Statistical mechanics
This is an advanced undergraduate level course on statistical mechanics. An interesting peculiarity of the course is that it contains an introduction to two of the most beautiful models in non-equilibrium statistical physics: the Kac ring model, and the Ehrenfest urn model. You can download the lecture notes (in French) here.
An introduction to topological quantum field theory
This is an introduction to topological quantum field theory at the master level. Shortly after the beginning of the course, COVID and confinement took over our lives and I never got as far as I was planning. The course contains however an introduction to supersymmetry and to the Mathai-Quillen formalism, and a discussion of the Witten index in supersymmetric quantum mechanics. You can download the lecture notes here.
Mathematical models for animals and humans
This course is an introduction to mathematical modelling based on game theory. It contains applications to economics and to animal behaviour. Although I never did research in this field, game theory has been a hobby of mine for some time now, and I was lucky enough to be able to transform this hobby into a fun course. You can download the lecture notes here.
Classical and quantum mechanics for mathematicians
Here is the challenge: you have thirty-two hours to teach both classical and quantum mechanics to mathematicians, at the master level. What do you do? This was, alas, no thought experiment, but a real one. The lecture notes resulting from the experiment can be found here. I hope they are useful.
An introduction to differentiable manifolds
This is an introduction to differentiable manifolds for advanced undergraduates in mathematics. The lecture notes (in French) can be downloaded here.
Quantum field theory in curved space
This is a course on quantum field theory in curved space at the master/doctorate level. I'm clearly not an expert on the topic, so the course is not very insightful, but it is detailed and might be useful. You can find the lecture notes here.
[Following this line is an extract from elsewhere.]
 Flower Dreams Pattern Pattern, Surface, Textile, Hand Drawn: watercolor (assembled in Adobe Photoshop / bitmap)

An introduction to non-perturbative effects in string theory and AdS/CFT
In 2015 I gave a series of lectures at ICTP in Trieste on non-perturbative effects in AdS/CFT and in string theory, where I start with a general introduction from the point of view of resurgence. The lecture notes can be found here.
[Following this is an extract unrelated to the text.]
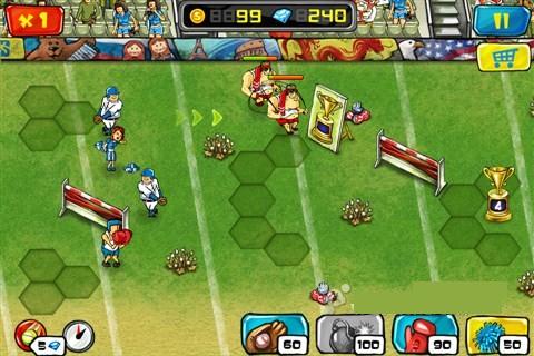 球场塔防:【激情碰撞 球场塔防】赛场变战场,奥运选手总动员,美女啦啦队助阵,痛扁肌肉男! 搞笑防御游戏,在肌肉男的不断袭击中保护金碗奖杯。 球场塔防可算是近期不可多得的塔防作品,外表和内容同时兼具,在这个滑稽搞笑的防御游戏中,用不被看好的英雄们培养一支队伍。发挥你的聪明才智在肌肉男的不断袭击中保护金碗奖杯!喜欢的朋友快试试吧。 塔防,橄榄球塔防!横版的关卡地图,自由线路类型,不过关卡中还有些障碍要计算进线路当中才行。有点下残棋局的味道。推荐给喜爱塔防游戏的朋友们试试咯! 游戏看似运动风橄榄球属性,但截图就不难发现有很多不联系的人物都掺和进去了,比如带着拳套杀伤力貌似很大的拳击手,还有啦啦队员等塔设。玩家按住右下不同种类防御塔拖拽至想摆设的位置松手即可放置,点按防御塔进行升级或出售。点击屏幕左上的数字可进行至多4倍的加速,包含40多个关卡。 有兴趣的朋友一起来建立这么一只奇葩的橄榄球队吧,书写得分终结者的篇章,让那些大块头们有来无回。

Topological field theory and four-manifolds
These are the notes of a course I gave long ago in Villa de Leyva (Colombia). It is probably superseded by my joint book with José Labastida, but it might be still useful for learning the subject. You can find the lecture notes here.
General topology
This is an undergraduate course on hyperbolic geometry and general topology. The lecture notes (in French) can be found here.